Spinal Cord Compression Due to Intradural Extramedullary Hematopoiesis in a Young Adult with Cooley’s Anemia

Authors

  • Taufik Mesiano Department of Neurology Cipto Mangunkusumo National Hospital, Faculty of Medicine Universitas Indonesia Jakarta
  • Al Rasyid Department of Neurology Cipto Mangunkusumo National Hospital, Faculty of Medicine Universitas Indonesia Jakarta
  • Mohammad Kurniawan Department of Neurology Cipto Mangunkusumo National Hospital, Faculty of Medicine Universitas Indonesia Jakarta
  • Rakhmad Hidayat Department of Neurology Cipto Mangunkusumo National Hospital, Faculty of Medicine Universitas Indonesia Jakarta
  • David Pangeran Department of Neurology Cipto Mangunkusumo National Hospital, Faculty of Medicine Universitas Indonesia Jakarta
  • Anna Mira Lubis Department of Internal Medicine Cipto Mangunkusumo National Hospital, Faculty of Medicine Universitas Indonesia Jakarta
  • Mohamad Saekhu Department of Neurosurgery Cipto Mangunkusumo National Hospital, Faculty of Medicine Universitas Indonesia Jakarta
  • Kevin Gunawan Department of Neurosurgery Cipto Mangunkusumo National Hospital, Faculty of Medicine Universitas Indonesia Jakarta
  • Stefanie Karina Putri Department of Neurology Cipto Mangunkusumo National Hospital, Faculty of Medicine Universitas Indonesia Jakarta
  • Arizari Haj Rahmana Department of Neurology Cipto Mangunkusumo National Hospital, Faculty of Medicine Universitas Indonesia Jakarta
  • Salim Harris Department of Neurology Cipto Mangunkusumo National Hospital, Faculty of Medicine Universitas Indonesia Jakarta

DOI:

https://doi.org/10.69868/ani.v1i01.4

Keywords:

spinal cord compression, hematopoiesis, thalassemia beta major

Abstract

Cooley's anemia, also known as beta thalassemia major, is an inherited multisystemic disorder characterized by skeletal and non-skeletal complications resulting from hemoglobinopathies.
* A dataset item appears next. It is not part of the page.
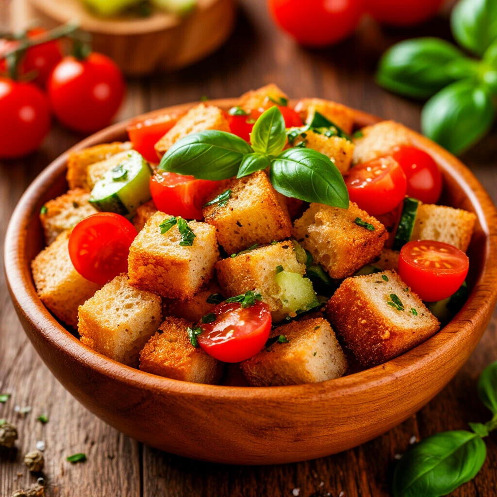 Почему это изюминка: Панцанелла — идеальный летний салат, где хлеб не размякает, а пропитывается соками овощей и становится невероятно вкусным.

Extramedullary Hematopoiesis (EMH) is a complication of thalassemia major due to insufficient erythropoiesis expansion. The incidence rate of paraspinal EMH in beta-thalassemia is rare but tends to be on the rise. We present a case of spinal cord compression due to intradural EMH in a 21-year-old man with Beta Thalassemia major, who exhibited acute lower motor, sensory, and autonomic disorder, along with severe anemia, and electrolyte imbalance. Patients were treated with corticosteroids, blood transfusions, electrolyte correction and pain medications. Several days later, the patient experienced clinical improvement in reduced pain and motor improvement. The patient was planned to undergo elective surgery and radiotherapy after reaching the stabilized condition. Management options of spinal cord compression due to EMH include corticosteroids, adequate blood transfusion, hydroxyurea, radiotherapy, surgical decompression, exchange transfusion, or a combination of these approaches. The choice of therapy should be based on the patient's clinical condition, diagnostic evaluations, and the size of the mass exerting pressure on the spinal cord. The optimal management of EMH remains uncertain. We need further research to establish effective treatment strategies of spinal cord compression due to EMH in Cooley’s Anemia.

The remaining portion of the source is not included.